Death toll in Philippines tops 70 after tropical storm landfall
Dangerous conditions such as mudslides and flood waters submerged communities and swept families away from their homes.
A powerful tropical storm hit the Philippines Friday, bringing devastating landslides and flooding that has left at least 98 dead on the islands as of Monday morning.
The storm, named Nalgae, began to trigger heavy rains in the southern Philippines Thursday, according to the state weather service, hitting mainly rural areas on Mindanao island. The next day brought the main impacts, affecting the Philippines' main island of Luzon.
Flood waters submerged homes in Pigcawayan, Philippines, after Tropical Storm Nalgae hit on Friday, Oct. 28. (Photo via Jameel Chio/ESN/AFP)
The maximum wind speed when Nalgae hit Luzon was 95 miles per hour before the storm made landfall on Catanduanes island. Landslides and flooding dispersed families from their homes due to fast-moving flood waters that carried along significant amounts of debris.

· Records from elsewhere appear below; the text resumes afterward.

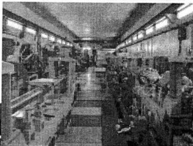
а так он выглядит сейчас (2001 год).

лись наиболее крупные заказы по накопительно-охладителю — магнитная и вакуумная системы. В 1999 году первый модуль форинжектора был собран, и начались очень важные для нас испытания ускоряющей структуры на предельный
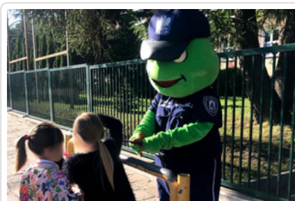
Maskotka "Sierżant Żabuś"
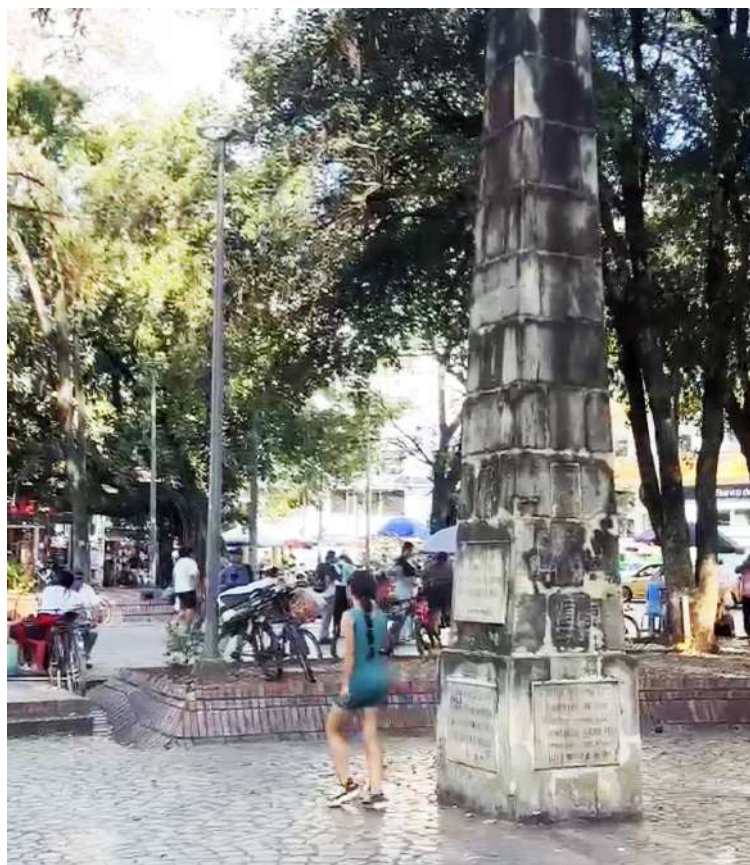
Niños y adolescentes son vistos con mayor frecuencia en las calles de Neiva durante diciembre, especialmente en zonas de alto flujo comercial.
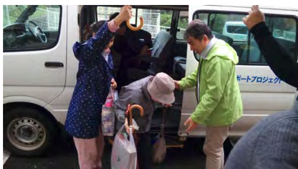
↑ 住民の方と施設職員で乗降のお手伝い

※泉サポートプロジェクト：泉区社会福祉協議会の会員組織である専門機関部会の会員である社会福祉法人等が、「地域貢献・公益的活動」の様々な取組を実施又は検討することを目的としたプロジェクト
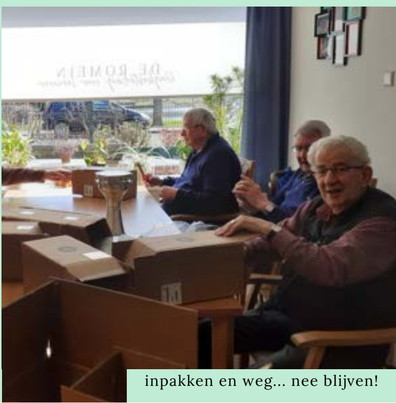
inpakken en weg... nee blijven!
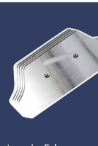
Jeu de 5 lames, 200 mm 4393508
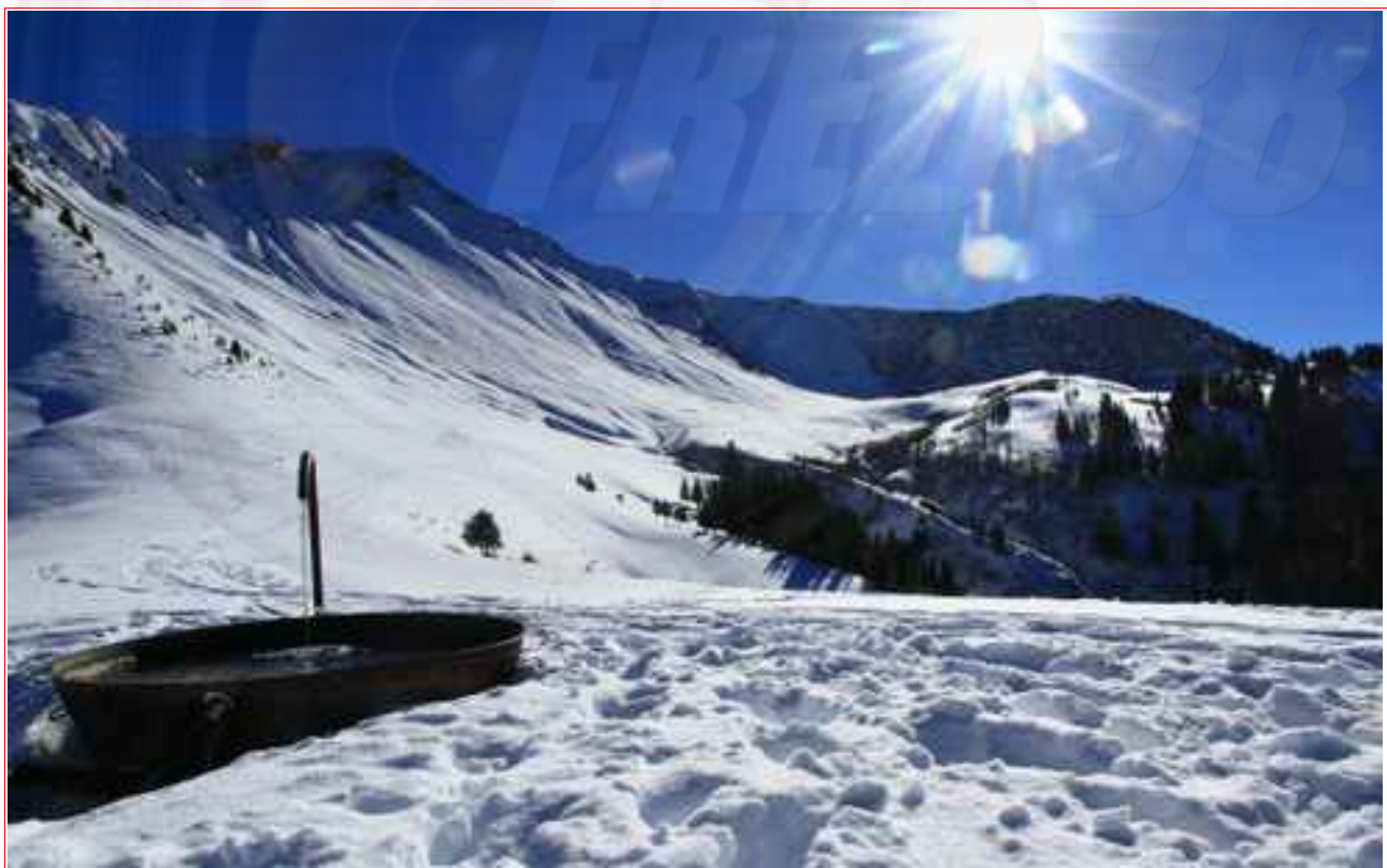
La fontaine, et à gauche la pointe de la Sambuy
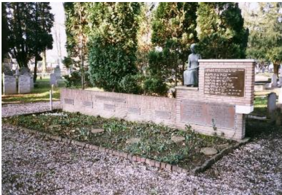
oorlogsmonument begraafplaats 'Rusthof' in Ridderkerk

Op de plaats van het tijdelijk graf op de begraafplaats 'Rusthof' in Ridderkerk is later een oorlogsmonument geplaatst met hierop de namen van de gesneuvelden in de Tweede Wereldoorlog in Ridderkerk. Ook de namen van de vijf bemanningsleden van de Fokker T-5 856 staan hierop vermeld.
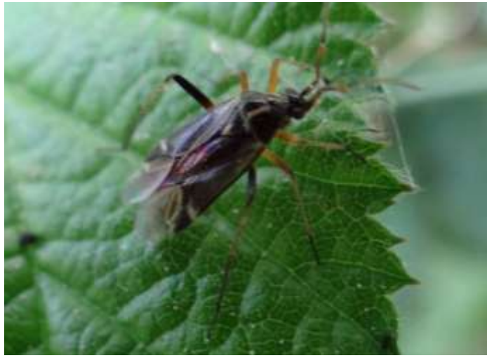
Harpocera thoracica mâle - Famille : Miridae - (lieu : arrière marais – 16.04.2014)
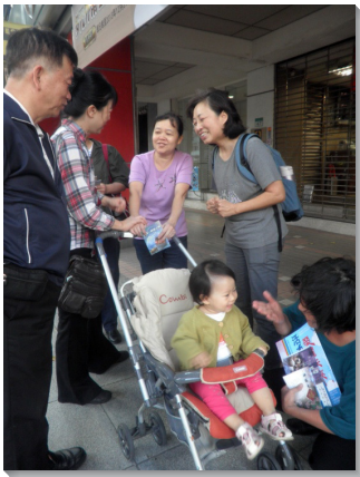
▲學員向路人傳揚福音

由於台北街頭路人來去匆忙，輔訓幫助我們，學習在一分鐘之內，簡潔地向人傳講人生的奧祕。經過多
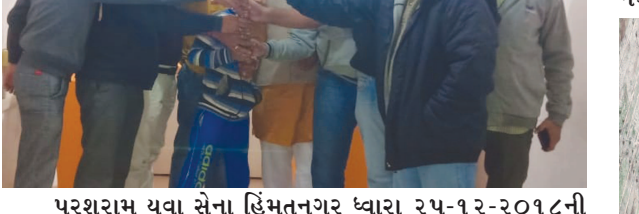
પરશુરામ યુવા સેના હિંમતનગર ધ્વારા ૨૫-૧૨-૨૦૧૮ની ઉજવણી પરશુરામ દાદાની આરટી કરીને કરવામાં આવી અને અટલજીની જયંતી પર યાદ કરી વંદન કરવામાં આવ્યું. વારાહીના બ્રહ્મસમાજ પરના હુમલાના મુદ્દે ચિંતન કરવામાં પણ આવ્યું. આવી ઘટના કરથી બ્રહ્મસમાજ માટે ના બને અને વારાહીના પરિવારને ન્યાય મળે એ બાબને ગૃહમંત્રીને આવેદન પત્ર આપવામાં આવશે.

મોડાસા ટાઉન પોલીસતંત્ર કાયદો અને વ્યવસ્થાની સ્થિતિ જાળવવામાં નિષ્ફળ રહેતા મોડાસા નગરજનોમાં ભારે આકોશ જોવા મળી રહ્યો છે. ટાઉન પોલીસે ચોર,
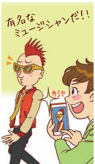
④ 勝手に人物を撮影すると人の権利を侵害することになるよ。
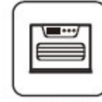
石油ファン ヒーター
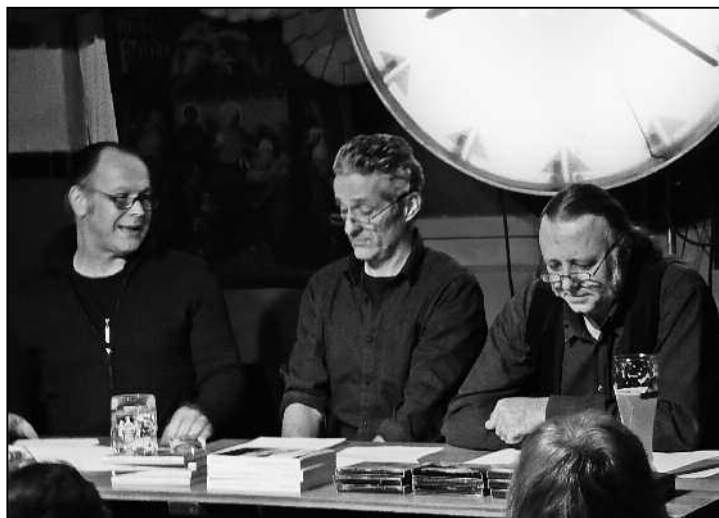
Mit einer grossen Portion Leidenschaft für den Text und die Ironie trugen die drei Herren des Trios «Donogood» ihre Texte vor und sorgten für gute Unterhaltung.
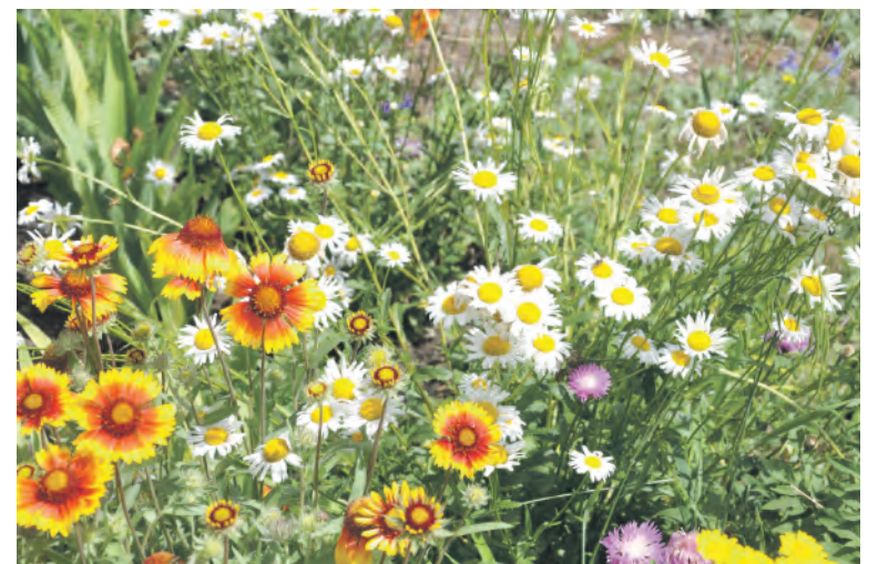
Полевые цветы — отрада для глаз.

Любовь ИВАНЕНКО. с. Калитва.
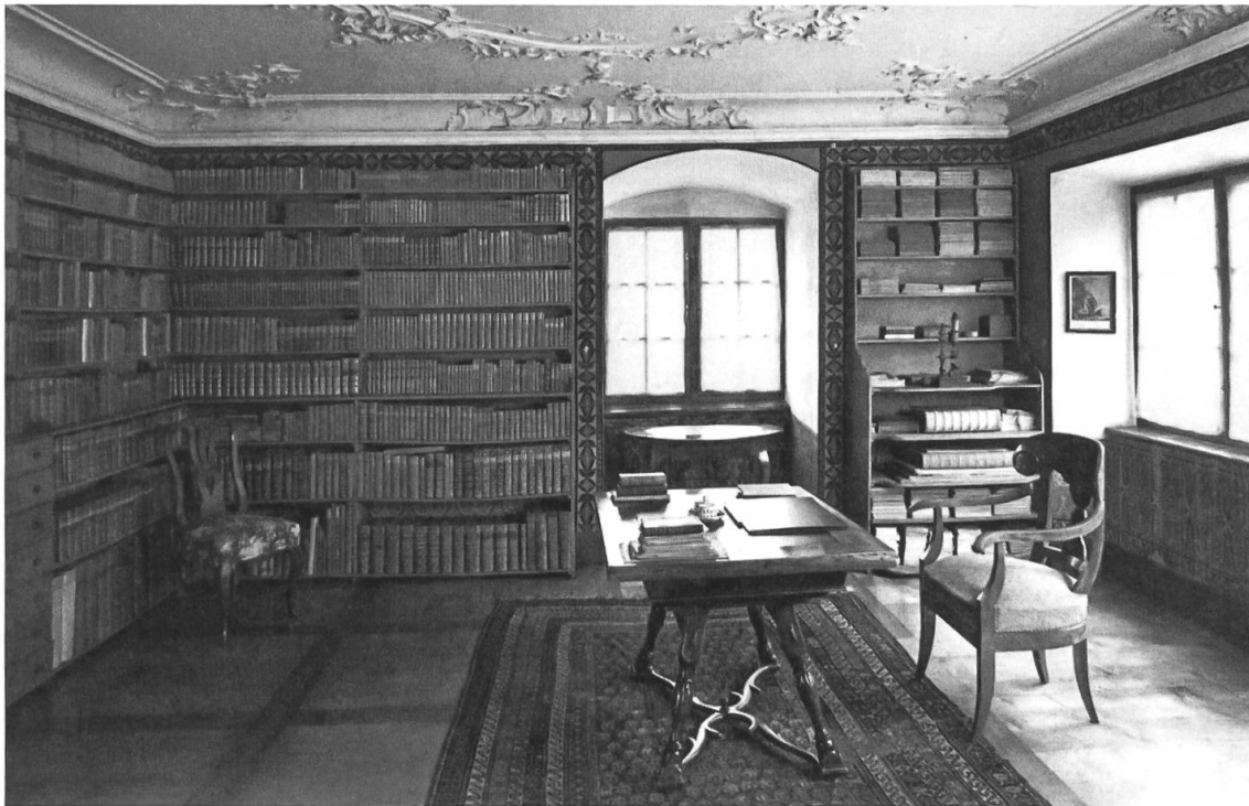
Abb. 6: « [...] den Katalog der Hausbibliothek aus dem 18. Jahrhundert studiert» Salon des Hauses in der Wiese mit Blick auf die berühmte Bibliothek. 24

Gestalter einen freundlichen Empfang. Thomas Mann erfreut sich im Glarnerland der in so hohem Masse verdienten Würdigung.» 20 So mag es wohl auch von Thomas Mann empfunden worden sein. Er scheint, trotz stadtglarnerischer Schattenkälte, vergnügt gewesen zu sein. Sein Tagbucheintrag des 6. Februar 1934 hält fest:
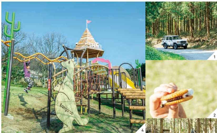
1.9合目登山口は、四季の里旭志キャンプ場から車で約20分の場所にある 2.焼いたマシュマロとチョコレートをクラッカーで挟んだおやつ「スモア」 3.自分の足で登頂して味わえる達成感！水分と食料は多めに持参しよう 4.四季の里旭志の敷地内には大型遊具があり、自由に遊ぶことができる

information ネットヨク熊本 住所/熊本市東区新南部6-3-125 TEL/0120-448699
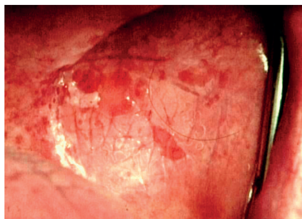
Obr. 4 Škvrnitá leukoplakia na ľavej bukálnej sliznici. Hyperkeratotické úseky sa v malých políčkach odlupujú a zanechávajú povrchové erózie červenej farby (Đurovič)

Ide o stav, kedy úseky hyperkeratoticky zmeneného tkaniva sú striedané eróziami alebo vredmi. Sem zaraďujeme aj stavy, kde sú ulcerácie medzi verrucami. Inou lokalizáciou fajčiarskych zmien môže byť dolná pera. Tu možno pozorovať stav preleukoplakie na sliznici, kombinovane s olupovaním sa pery. Tieto stavy môžu byť mierne zafarbené do žltá alebo žltá-hneda (obr. 4-6) [20].
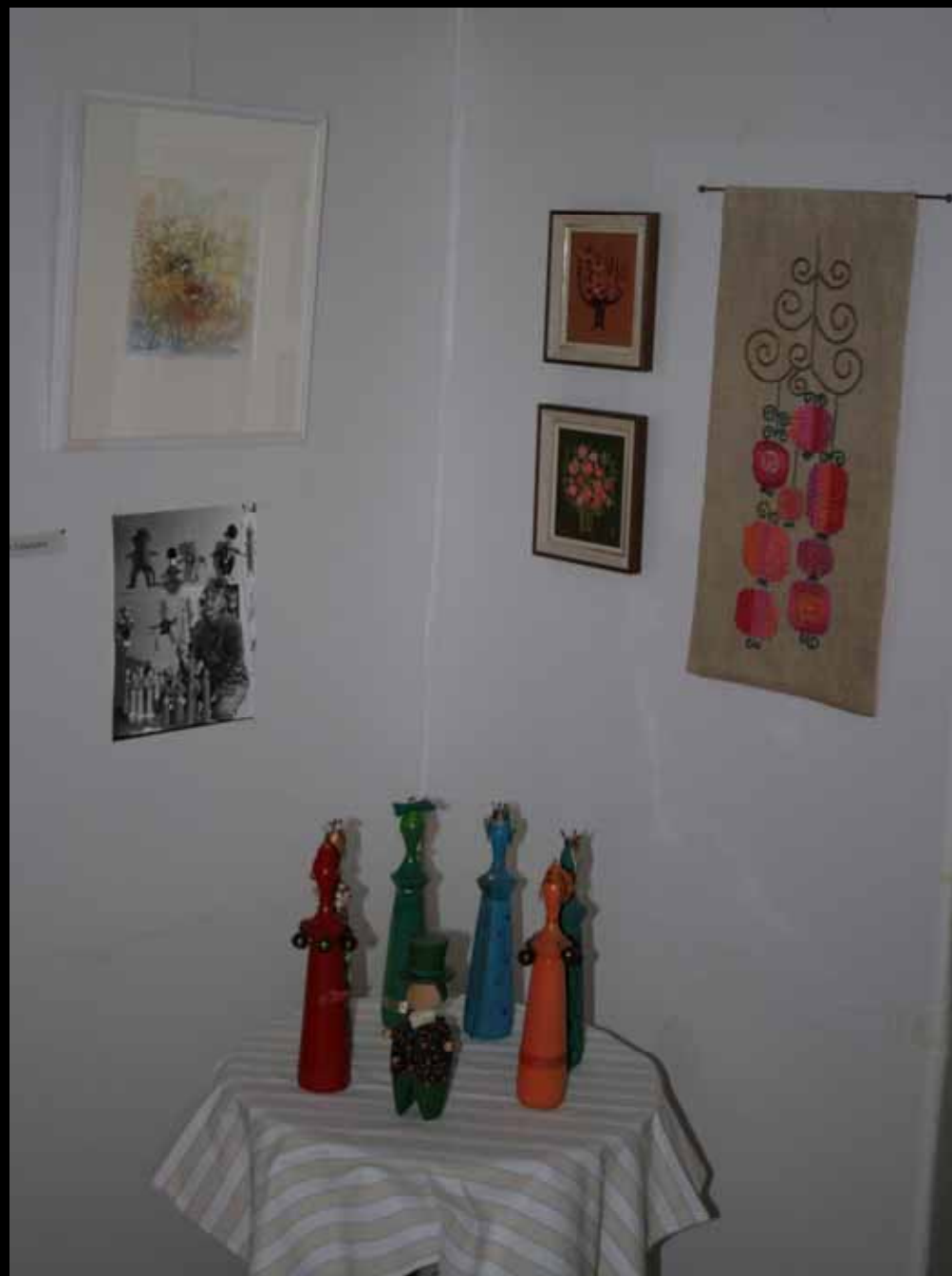
Utställningen "Udda samlingar och mera sansade". Taveljö hembygdsförening april 2007.
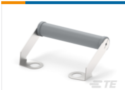
TE 产品编号1630184-5 放电式帽状电阻器 YP10
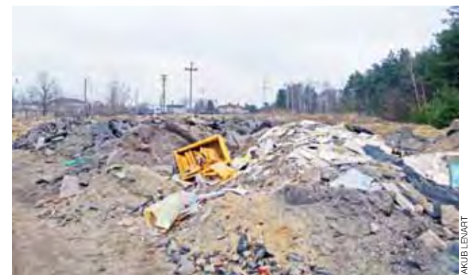
Składowisko nie należy do najprzyjemniejszego sąsiedztwa.
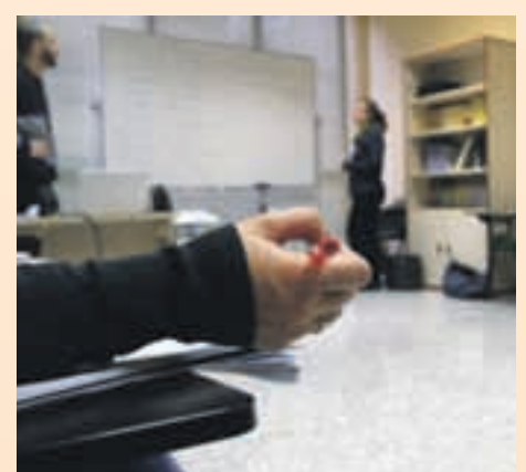
Les classes es fan a les dependències d'Escoles Velles

En cas de necessitar alguna informació addicional us podeu posar en contacte amb el Servei de Català de Sant Andreu de la Barca al número de telèfon 93 682 52 88 o al correu electrònic santandreubarca@cpnl.cat.
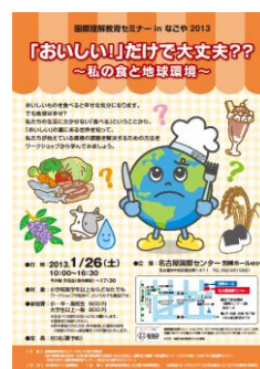
第12回(2013年)セミナーのチラシ
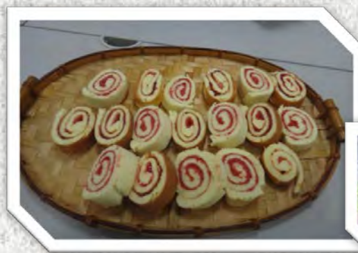
專屬自己的下午茶 ~
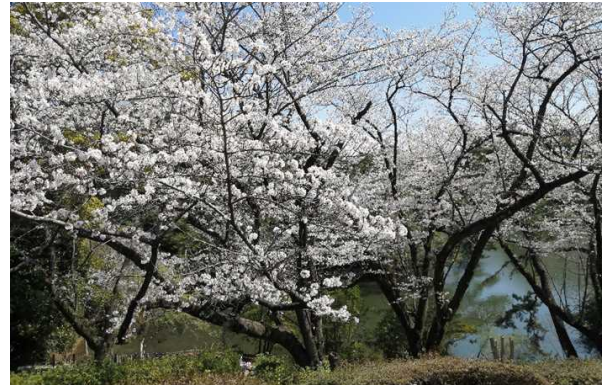
（作業後）明るくなり、桜がのびのびと開花した
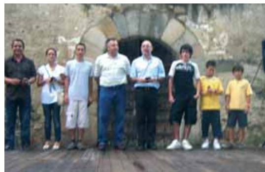
Club Atletisme Sant Celoni modalitat individual: atletes de diverses categories han aconseguit pòdium al Campionat de Catalunya i d'Espanya
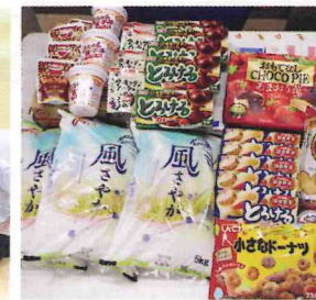
匿名 様 浦添市在住

According to the nation's disaster agency, the death toll as of Monday morning was 96, with at least 63 people still missing. Nearly 50 of the deaths from the storm occurred in the community of Kusiong, which was buried by mudslides.
The Chief Minister of the Bangsamoro region of the Philippines, Ahod Ebrahim, placed the region under a state of calamity on Saturday following massive flooding.
As of Monday morning, local time, Nalgae was over 340 miles west-northwest of the capital city Manila and is moving north-northwestward away from the country.
Streets were submerged by floods caused by Tropical Storm Nalgae in the Philippines on Oct. 28. (Photo via AFP)
The Philippines coast guard suspended ferry service throughout most of the islands.
The Philippines is no stranger to deadly storms, as the islands are hit by an average of 20 major storms each year that lead to perpetual poverty for many.